Perché è vero, aggiunse il leader della Cisl Raffaele Bonanni, «sarà brusco, sarà crudo, ma Marchionne è stato una fortuna per gli azionisti e i lavoratori della Fiat». E «grazie a Dio che c'è un abruzzese come Marchionne». Un dono divino che anche Massimo D'Alema aveva avuto modo di apprezzare ex tunc, nel 2009. «Ho sempre pensato», parola di lìder maximo, «che il destino della Fiat era quello di una forte internazionalizzazione in una fase caratterizzata dalla concentrazione della produzione di automobili». Quasi tutto in rima baciata. Tranne il finale dell'analisi dalemiana. Questo: «Marchionne lo sta facendo nel modo migliore».
In fondo, forse è tutta colpa dello strano sillogismo a cui un pezzo di sinistra ha creduto dopo aver visto Barack Obama posare in foto con Marchionne dopo avergli consegnato le chiavi più importanti della città di Detroit. «Sergio? È un liberal-radicale e io lo stimo», disse una volta uno dei suoi più accaniti sostenitori, Sergio Chiamparino. D'altronde, fu la domanda retorica dell'ex sindaco di Torino, «se la Fiat non fosse brava non avrebbe la Chrysler, no?».

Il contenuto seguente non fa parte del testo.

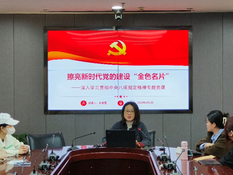 随后,院党委副书记、副院长朱春霞老师以“擦亮新时代党的建设金色名片——深入学习贯彻中央八项规定精神”为题,为支部党员上了一堂精彩的专题党课。朱书记从中央八项规定精神的出台背景、核心要义、实践成效及未来展望等多个方面进行了深入浅出的讲解,她强调,中央八项规定精神是新时代全面从严治党的亮丽名片,必须持之以恒、久久为功地抓好贯彻落实。紧接着,支部书记单老师带领大家共同学习了中央八项规定精神的具体内容,通过逐条解读、案例剖析等方式,使大家对八项规定精神有了更加全面、深刻的理解。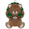- DECORATIVE DETAILS: Features a brown teddy bear design with cream-colored paws, green wreath accent, and multicolored holiday elements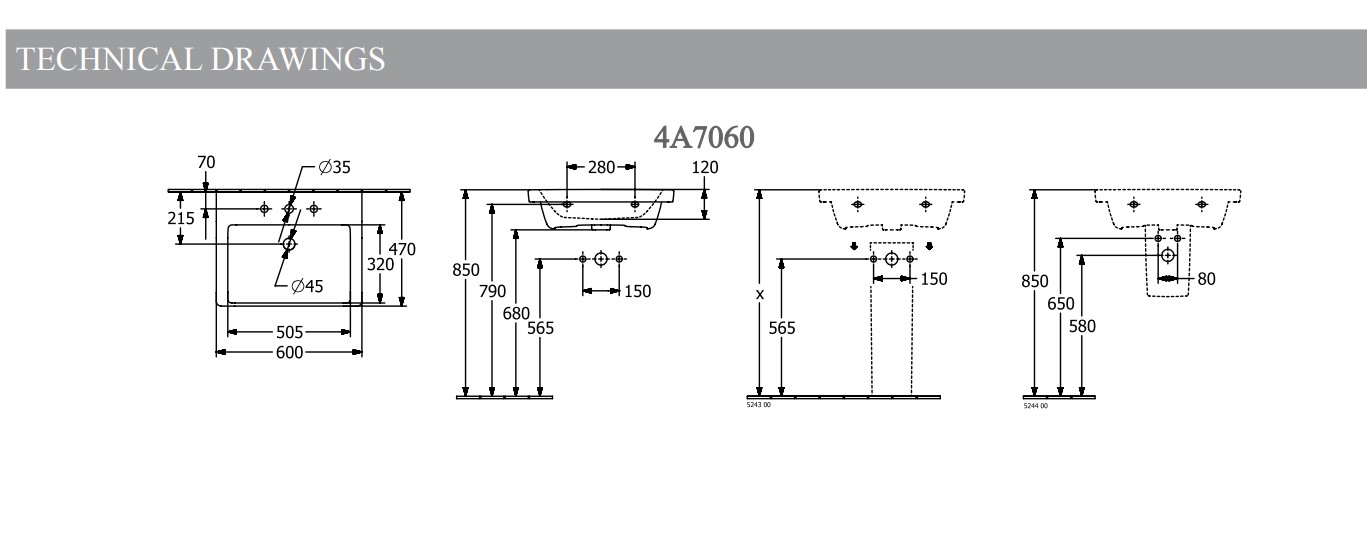 SUBWAY 3.0 Умивальник 600x470 мм (4A706001) Titan Ceram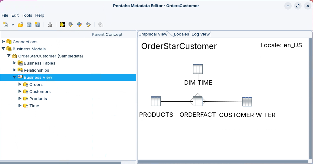 Start Pentaho Metadata Editor and create a new domain file for the OrderStarCustomer model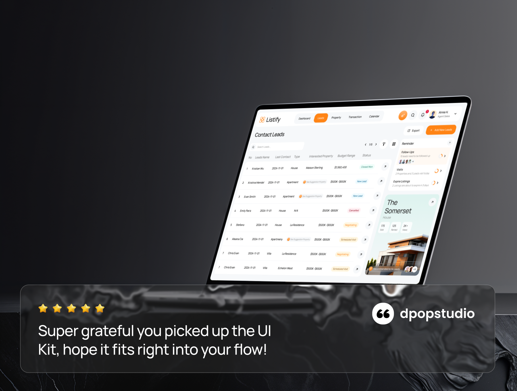 [VIP] Listify: CRM Real Estate Dashboard UI KIT

Un errore in cui cadde anche Matteo Renzi, lesto nell'intestarsi a modo suo una difesa di Marchionne «senza se e senza ma». Perché, fu la premessa con cui il sindaco di Firenze aprì una sua intervista all'Unità, «sono un po' tranchant, il politichese non lo mastico». Ergo, al netto del politichese, «io sto con Marchionne» (punto uno), «su lui ha investito Barack Obama» (punto due), «il primo diritto è lavorare» (punto tre). Peccato che i punti due e tre non fossero conciliabili con la prima. Come Marchionne ha dimostrato pochi giorni fa. Con la rudezza che anche gli amici gli hanno sempre attribuito.